▸ TASK REQUIREMENTS
Apart from the pictures, reproduce the data below exactly as it stands.

▸ GIVEN INFORMATION
************

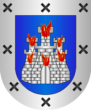 9.- Otros Arnau: En campo de gules, una torre de oro, con una escala, en su diestra.
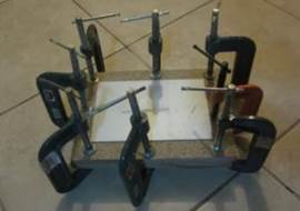 Una vez etiquetadas se procede a presionarlas durante 8 horas mediante el uso de dos retazos de madera y pinzas mecánicas, hasta lograr la eliminación de los orificios internos sin dañar la superficie de la fibra como se muestra en la figura 3.
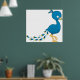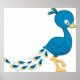 Affiche Oiseau Paon Bleu Dessin Animé

************

▸ RESULT
 9.- Otros Arnau: En campo de gules, una torre de oro, con una escala, en su diestra.
 Una vez etiquetadas se procede a presionarlas durante 8 horas mediante el uso de dos retazos de madera y pinzas mecánicas, hasta lograr la eliminación de los orificios internos sin dañar la superficie de la fibra como se muestra en la figura 3.
 Affiche Oiseau Paon Bleu Dessin Animé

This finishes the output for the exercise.